From the first line to the last, print the material exactly, skipping the pictures.
====== Source records
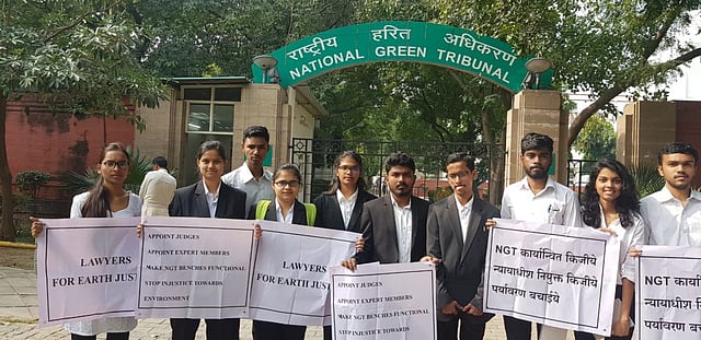 A collective of law students from various law colleges in Maharashtra conducted a demonstration yesterday in front of the National Green Tribunal (NGT), Delhi, to highlight the need for filling up vacancies across NGT Benches.
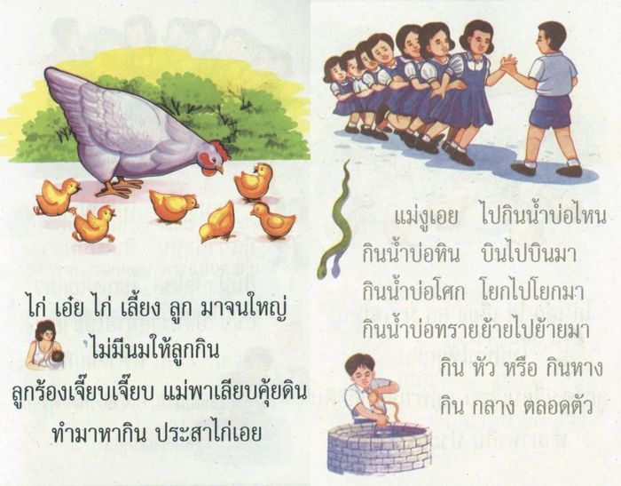 คำกลอนส่วนหนึ่งจากหนังสือ "แบบเรียน ก.ไก่ อนุบาล" บริษัทประชาช่าง ฉบับภาพถ่าย พ.ศ. 2539
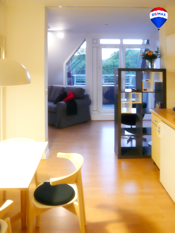 Dachterrasse: Über das Wohnzimmer zugänglich und bietet einen ansprechenden Ausblick – ideal, um an schönen Tagen zu entspannen.
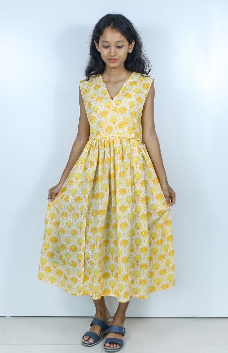 羽織としてのカシュクールワンピースではなく前部分を固定し、はだける心配のない歌手クールワンピースを作りました。
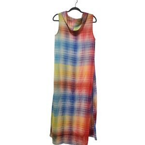 Soft Surroundings “Carnevale” Rainbow Plaid Print Cowl-Neck Maxi Dress, MODn 1960s Style | MSRP $129 | Excellent Used Condition | Lined | 100% Polyester | Machine washable | Measurements Laying Flat and Unstretched: Pit to pit 19.5" | Length 54" |
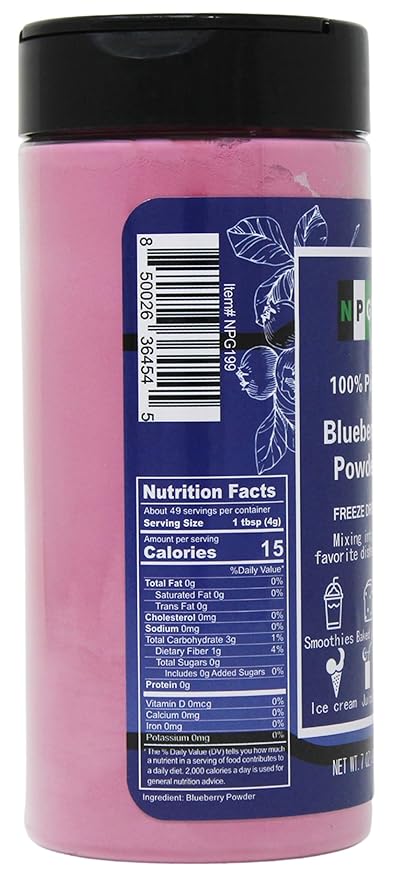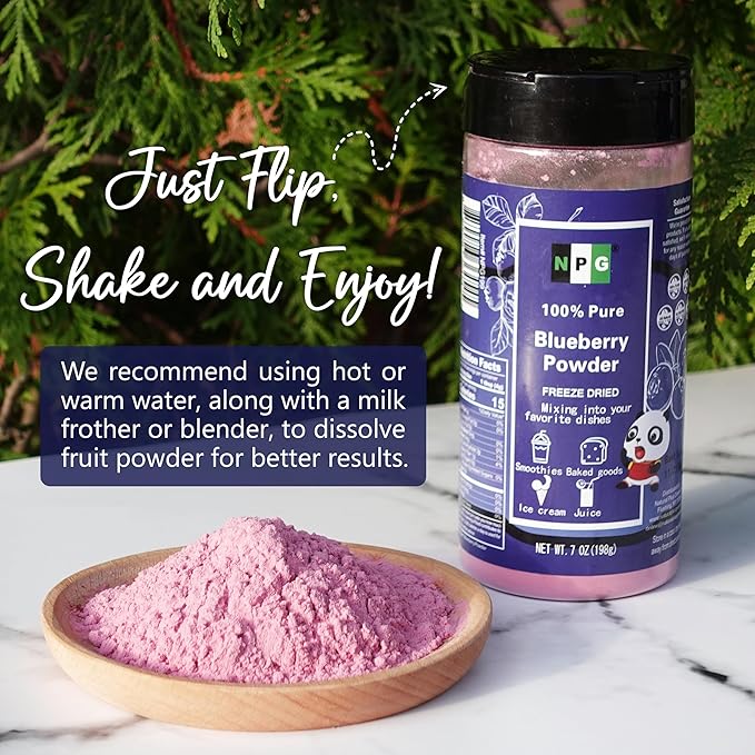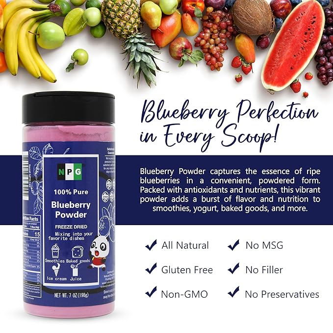 NPG Frezee-Dried Blueberry Powder 7 Oz, Seedless Fine Powder from Wild Wild Blueberries for Smoothies, Baking, Beverages, and Natural Food Coloring, No Sugar Added, Non-GMO
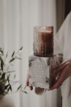 Vacker rustik ljuslykta i glas med chestnut finish, fin att använda som vanlig lykta när vaxet brunnit ut
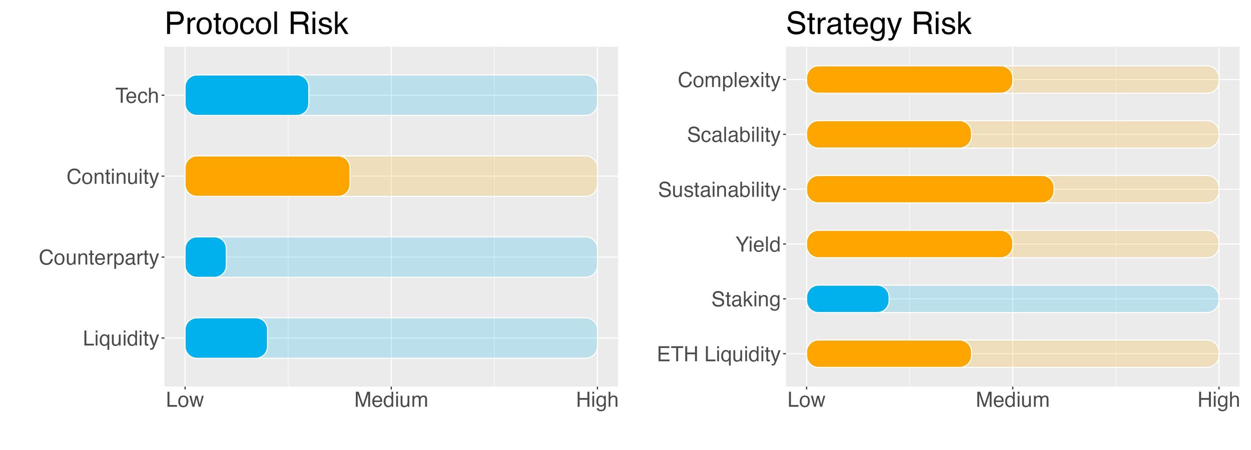 - Protokoll-Anreize - Aufgrund der Anzahl der beteiligten Protokolle ist das Risiko von Smart Contracts nicht zu vernachlässigen: Ein Angriff auf eines der Protokolle hätte Auswirkungen auf die gesamte Strategie (technisches Risiko).
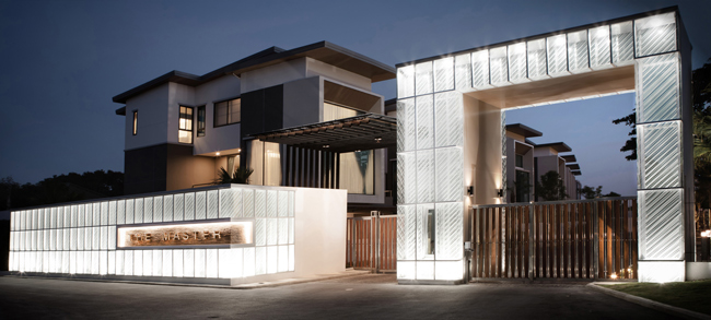 ทางเข้าโครงการโดดเด่นเป็นสง่า ตกแต่งด้วยกระจก TEMPERED
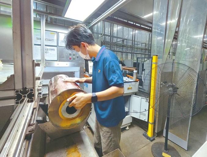 圖為在運城制版集團的生產(chǎn)車間內(nèi),工作人員正在檢查鍍銅后的版輥。
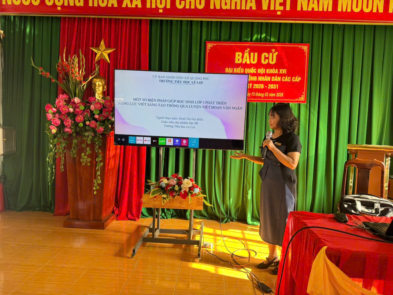 Hội thi giáo viên giỏi của Trường Tiểu học Lê Lợi đã được tổ chức trong hai ngày 17 và 18 tháng 3 năm 2026, thu hút sự tham gia nhiệt tình của đông đảo giáo viên trong nhà trường. Đây là hoạt động chuyên môn quan trọng, nhằm tôn vinh năng lực giảng dạy, đồng thời tạo cơ hội để các thầy cô giáo giao lưu, học hỏi và chia sẻ kinh nghiệm.
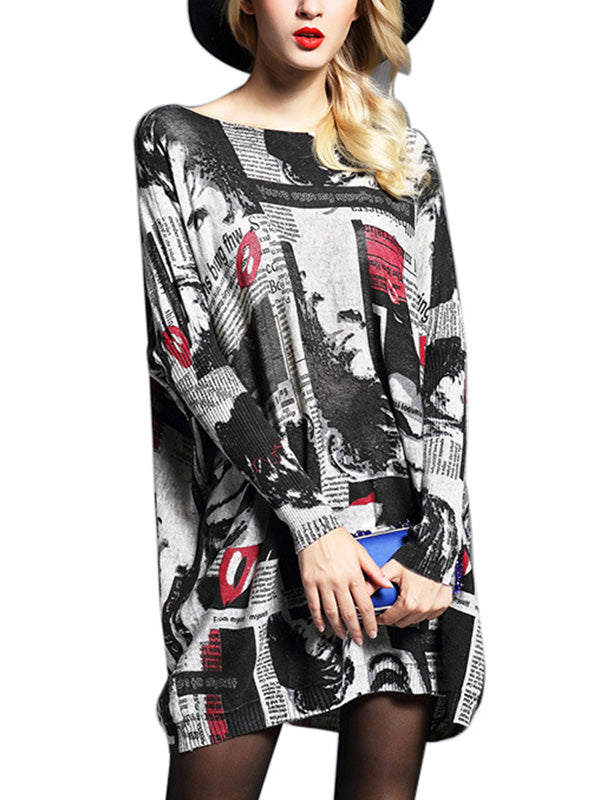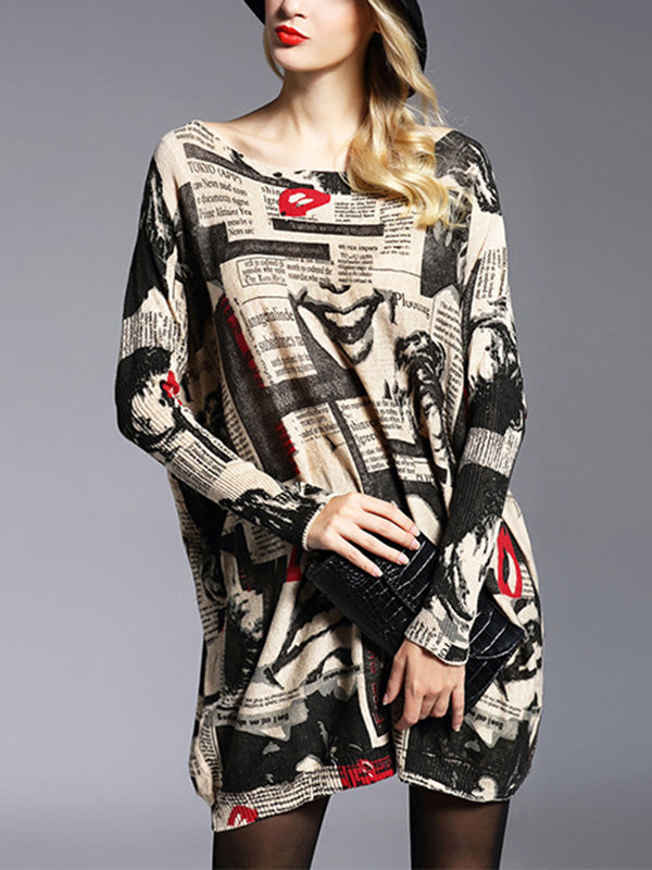 Long Sleeves Loose Letter Print Printed Round-Neck Knitwear Pullovers Sweater Tops
============
→ **Problem solution**:
 A collective of law students from various law colleges in Maharashtra conducted a demonstration yesterday in front of the National Green Tribunal (NGT), Delhi, to highlight the need for filling up vacancies across NGT Benches.
 คำกลอนส่วนหนึ่งจากหนังสือ "แบบเรียน ก.ไก่ อนุบาล" บริษัทประชาช่าง ฉบับภาพถ่าย พ.ศ. 2539
 Dachterrasse: Über das Wohnzimmer zugänglich und bietet einen ansprechenden Ausblick – ideal, um an schönen Tagen zu entspannen.
 羽織としてのカシュクールワンピースではなく前部分を固定し、はだける心配のない歌手クールワンピースを作りました。
 Soft Surroundings “Carnevale” Rainbow Plaid Print Cowl-Neck Maxi Dress, MODn 1960s Style | MSRP $129 | Excellent Used Condition | Lined | 100% Polyester | Machine washable | Measurements Laying Flat and Unstretched: Pit to pit 19.5" | Length 54" |
 NPG Frezee-Dried Blueberry Powder 7 Oz, Seedless Fine Powder from Wild Wild Blueberries for Smoothies, Baking, Beverages, and Natural Food Coloring, No Sugar Added, Non-GMO
 Vacker rustik ljuslykta i glas med chestnut finish, fin att använda som vanlig lykta när vaxet brunnit ut
 - Protokoll-Anreize - Aufgrund der Anzahl der beteiligten Protokolle ist das Risiko von Smart Contracts nicht zu vernachlässigen: Ein Angriff auf eines der Protokolle hätte Auswirkungen auf die gesamte Strategie (technisches Risiko).
 ทางเข้าโครงการโดดเด่นเป็นสง่า ตกแต่งด้วยกระจก TEMPERED
 圖為在運城制版集團的生產(chǎn)車間內(nèi),工作人員正在檢查鍍銅后的版輥。
 Hội thi giáo viên giỏi của Trường Tiểu học Lê Lợi đã được tổ chức trong hai ngày 17 và 18 tháng 3 năm 2026, thu hút sự tham gia nhiệt tình của đông đảo giáo viên trong nhà trường. Đây là hoạt động chuyên môn quan trọng, nhằm tôn vinh năng lực giảng dạy, đồng thời tạo cơ hội để các thầy cô giáo giao lưu, học hỏi và chia sẻ kinh nghiệm.
 Long Sleeves Loose Letter Print Printed Round-Neck Knitwear Pullovers Sweater Tops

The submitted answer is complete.